▸ ASSIGNED TASK
Please reproduce all of the listing below exactly and drop its images.

▸ RAW DATA
________________________________________
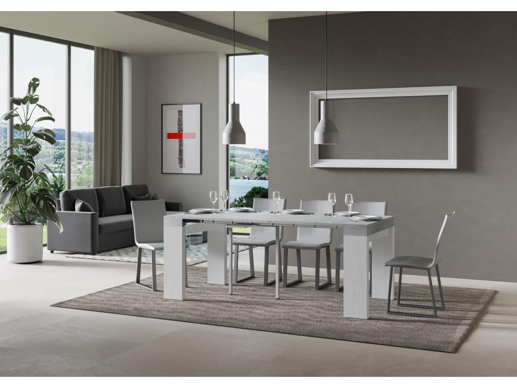 Consola extensible gris cemento y blanco 40 a 196 cm Ribo-Soporte 4 pies
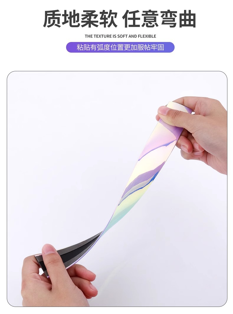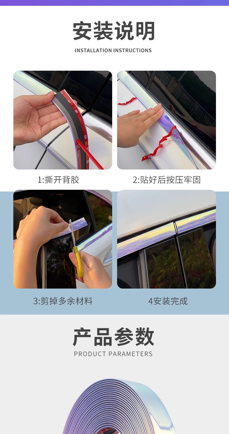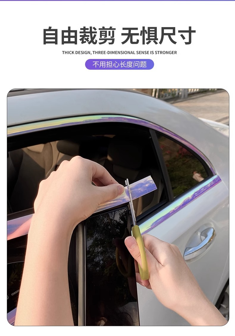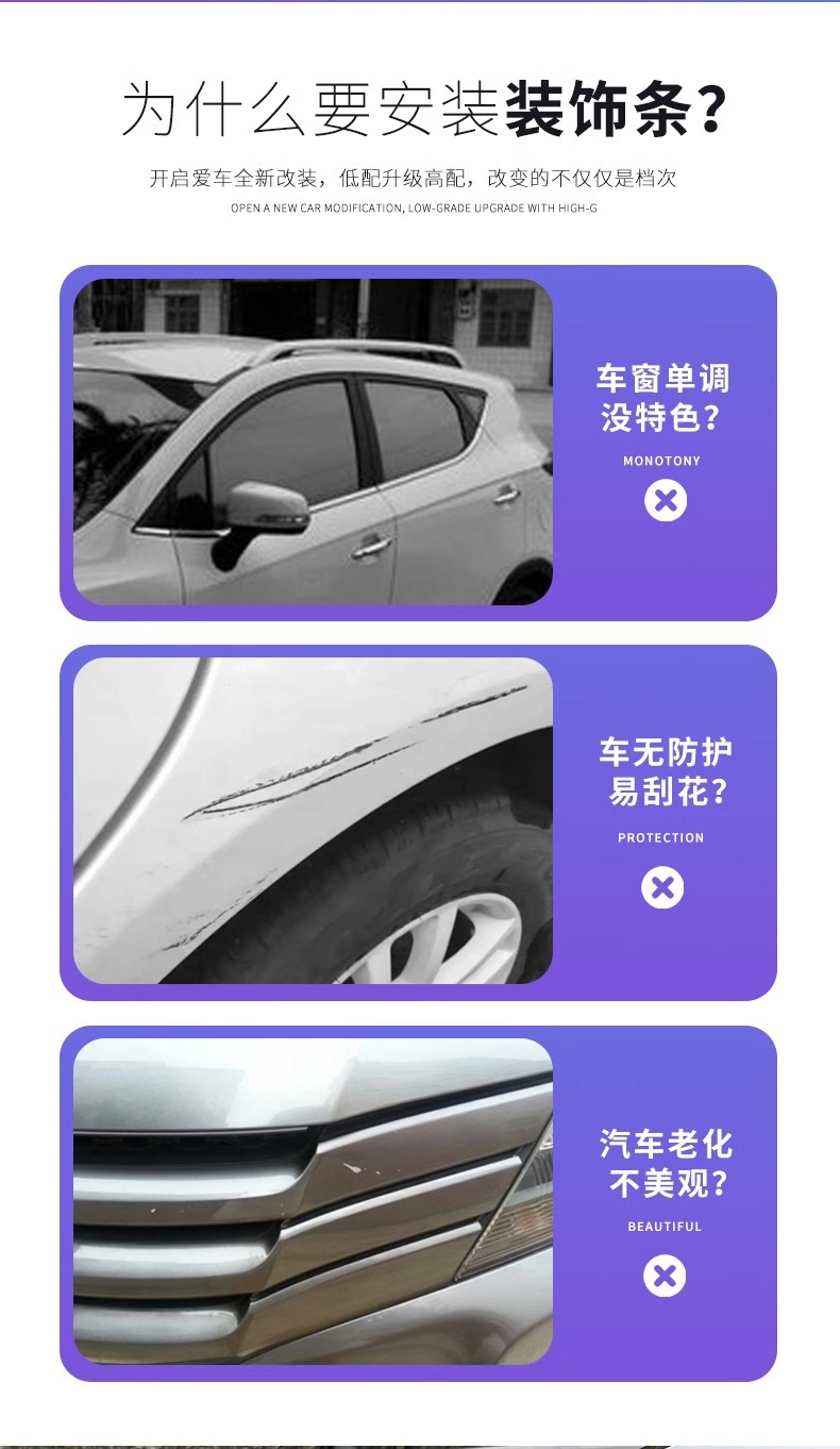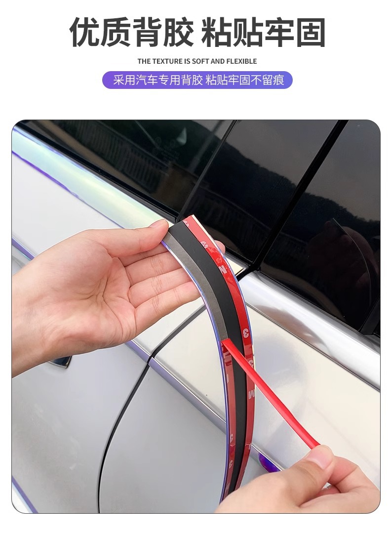清洁你要粘的地方不能有灰尘或水迹油迹等,撕开背胶,用贴上后用力压上10秒这样,此装饰条贴于汽车上任何一个部位圴可,。起装饰作用,让你的爱车与众不同。2-3天内不要洗车沾水、避免暴晒、冬天需要热风枪轻烤贴。
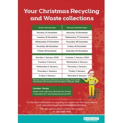 Residents who are due to have their bins collected on Monday 25 December will receive their collection two days earlier on Saturday 23 December. All other scheduled bin collections of recycling, food waste and refuse will take place a day later than usual and normal scheduled collections of these bins will resume from Monday 8 January 2018.
________________________________________
▸ RESULT OF THE TASK
 Consola extensible gris cemento y blanco 40 a 196 cm Ribo-Soporte 4 pies
清洁你要粘的地方不能有灰尘或水迹油迹等,撕开背胶,用贴上后用力压上10秒这样,此装饰条贴于汽车上任何一个部位圴可,。起装饰作用,让你的爱车与众不同。2-3天内不要洗车沾水、避免暴晒、冬天需要热风枪轻烤贴。
 Residents who are due to have their bins collected on Monday 25 December will receive their collection two days earlier on Saturday 23 December. All other scheduled bin collections of recycling, food waste and refuse will take place a day later than usual and normal scheduled collections of these bins will resume from Monday 8 January 2018.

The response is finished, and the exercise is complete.